#### Data

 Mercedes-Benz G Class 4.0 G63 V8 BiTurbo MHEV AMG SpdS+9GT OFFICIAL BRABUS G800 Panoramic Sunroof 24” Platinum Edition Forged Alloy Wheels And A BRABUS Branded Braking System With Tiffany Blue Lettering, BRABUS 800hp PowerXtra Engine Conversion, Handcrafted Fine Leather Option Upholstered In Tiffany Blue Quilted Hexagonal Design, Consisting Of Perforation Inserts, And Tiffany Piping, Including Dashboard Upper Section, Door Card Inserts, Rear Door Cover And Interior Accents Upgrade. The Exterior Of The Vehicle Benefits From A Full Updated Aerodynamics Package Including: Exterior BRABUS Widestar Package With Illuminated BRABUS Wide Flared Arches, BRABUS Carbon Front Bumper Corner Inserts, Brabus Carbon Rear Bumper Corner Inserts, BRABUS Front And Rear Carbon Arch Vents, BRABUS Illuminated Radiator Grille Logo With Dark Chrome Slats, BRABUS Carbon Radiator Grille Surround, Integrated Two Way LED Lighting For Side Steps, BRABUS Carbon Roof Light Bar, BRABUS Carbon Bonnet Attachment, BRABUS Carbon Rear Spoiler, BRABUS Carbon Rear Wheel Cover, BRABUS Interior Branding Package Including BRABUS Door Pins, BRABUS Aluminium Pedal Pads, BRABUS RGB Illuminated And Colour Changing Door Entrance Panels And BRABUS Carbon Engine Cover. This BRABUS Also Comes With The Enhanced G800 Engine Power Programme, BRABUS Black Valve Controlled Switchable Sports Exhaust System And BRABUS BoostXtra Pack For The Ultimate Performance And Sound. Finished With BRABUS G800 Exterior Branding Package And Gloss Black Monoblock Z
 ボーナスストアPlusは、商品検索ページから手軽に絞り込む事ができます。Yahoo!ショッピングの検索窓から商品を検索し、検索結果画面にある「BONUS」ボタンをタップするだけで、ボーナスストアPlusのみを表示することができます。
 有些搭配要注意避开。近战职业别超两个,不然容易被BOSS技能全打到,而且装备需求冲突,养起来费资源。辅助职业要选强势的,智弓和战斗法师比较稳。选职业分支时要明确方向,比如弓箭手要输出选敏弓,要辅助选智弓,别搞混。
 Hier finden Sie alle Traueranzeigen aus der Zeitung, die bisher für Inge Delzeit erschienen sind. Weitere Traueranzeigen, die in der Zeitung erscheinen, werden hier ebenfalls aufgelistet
--
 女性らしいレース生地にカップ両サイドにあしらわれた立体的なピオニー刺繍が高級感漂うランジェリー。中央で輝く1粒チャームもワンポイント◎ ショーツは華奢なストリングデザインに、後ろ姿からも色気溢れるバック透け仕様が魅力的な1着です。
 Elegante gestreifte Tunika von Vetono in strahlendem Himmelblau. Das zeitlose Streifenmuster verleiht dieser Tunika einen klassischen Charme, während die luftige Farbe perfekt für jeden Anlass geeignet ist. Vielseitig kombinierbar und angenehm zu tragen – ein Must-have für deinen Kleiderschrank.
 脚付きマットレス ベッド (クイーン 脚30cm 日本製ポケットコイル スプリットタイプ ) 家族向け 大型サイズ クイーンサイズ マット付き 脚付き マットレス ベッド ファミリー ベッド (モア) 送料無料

#### How to complete this task
Only one stretch of the entries above is wanted: the lines from the one containing "ボーナスストアPlusは、商" through the one containing "Hier finden Sie". Please reproduce it exactly.

#### Result of this exercise
 ボーナスストアPlusは、商品検索ページから手軽に絞り込む事ができます。Yahoo!ショッピングの検索窓から商品を検索し、検索結果画面にある「BONUS」ボタンをタップするだけで、ボーナスストアPlusのみを表示することができます。
 有些搭配要注意避开。近战职业别超两个,不然容易被BOSS技能全打到,而且装备需求冲突,养起来费资源。辅助职业要选强势的,智弓和战斗法师比较稳。选职业分支时要明确方向,比如弓箭手要输出选敏弓,要辅助选智弓,别搞混。
 Hier finden Sie alle Traueranzeigen aus der Zeitung, die bisher für Inge Delzeit erschienen sind. Weitere Traueranzeigen, die in der Zeitung erscheinen, werden hier ebenfalls aufgelistet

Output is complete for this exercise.